» ASSIGNMENT:
Make an exact transcript of the lines in the data below, starting with the one containing "商品名:T4U 不織布プランター 布鉢" and going on through the one containing "Marie Claudine Collet", with both included and the pictures left out.

» GIVEN RECORDS:

**********

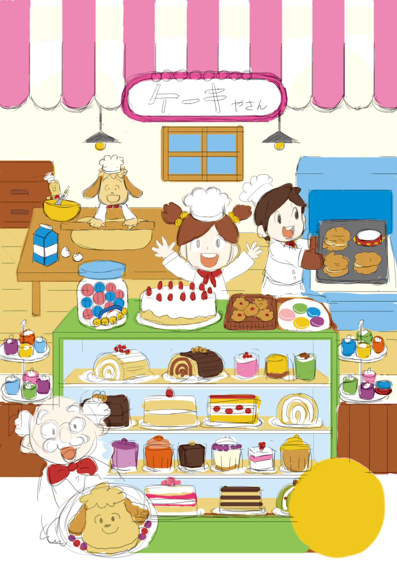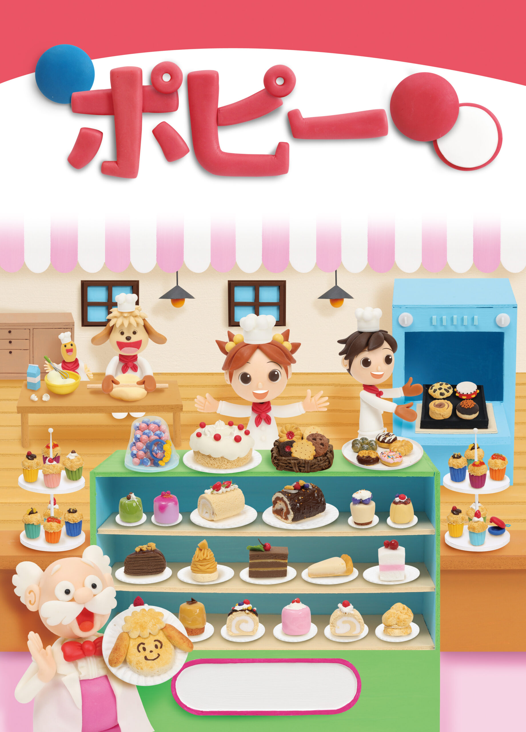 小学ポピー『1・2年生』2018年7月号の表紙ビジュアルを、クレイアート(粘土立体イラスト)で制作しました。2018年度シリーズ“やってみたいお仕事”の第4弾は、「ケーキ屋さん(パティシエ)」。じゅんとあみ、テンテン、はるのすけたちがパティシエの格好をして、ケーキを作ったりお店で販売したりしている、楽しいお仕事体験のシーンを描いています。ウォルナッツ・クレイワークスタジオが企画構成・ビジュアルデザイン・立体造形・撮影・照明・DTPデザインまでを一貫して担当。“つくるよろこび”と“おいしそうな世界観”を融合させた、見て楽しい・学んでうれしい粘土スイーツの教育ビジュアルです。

**********

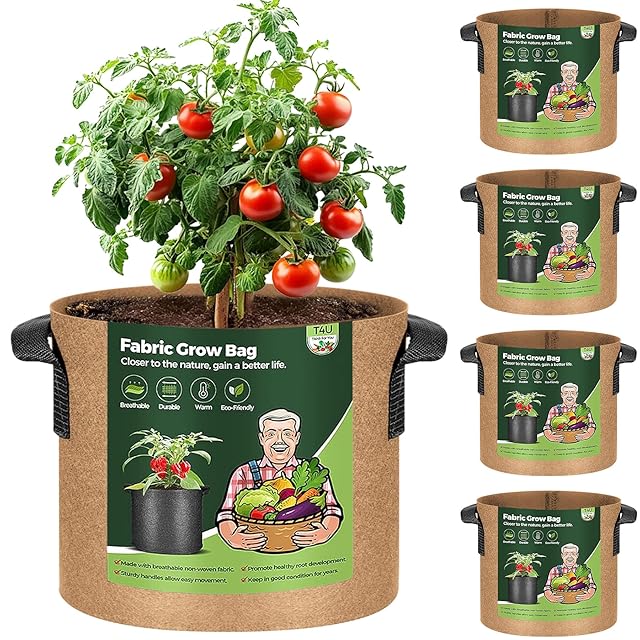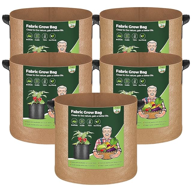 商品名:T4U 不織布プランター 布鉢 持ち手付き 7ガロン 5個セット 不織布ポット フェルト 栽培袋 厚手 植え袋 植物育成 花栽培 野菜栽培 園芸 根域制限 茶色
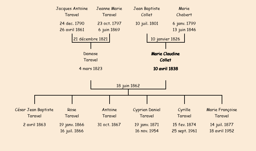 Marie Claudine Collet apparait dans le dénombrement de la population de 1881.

**********

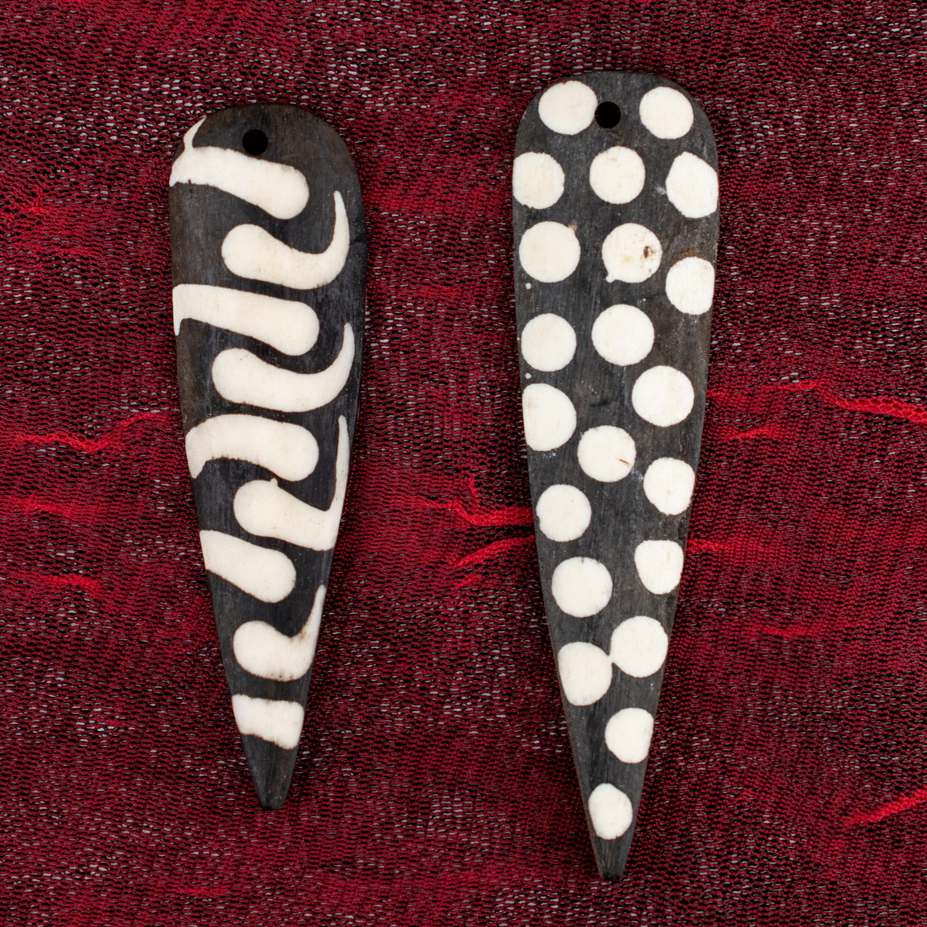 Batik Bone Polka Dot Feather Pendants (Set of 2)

**********

» ANSWER TO THIS TASK:
 商品名:T4U 不織布プランター 布鉢 持ち手付き 7ガロン 5個セット 不織布ポット フェルト 栽培袋 厚手 植え袋 植物育成 花栽培 野菜栽培 園芸 根域制限 茶色
 Marie Claudine Collet apparait dans le dénombrement de la population de 1881.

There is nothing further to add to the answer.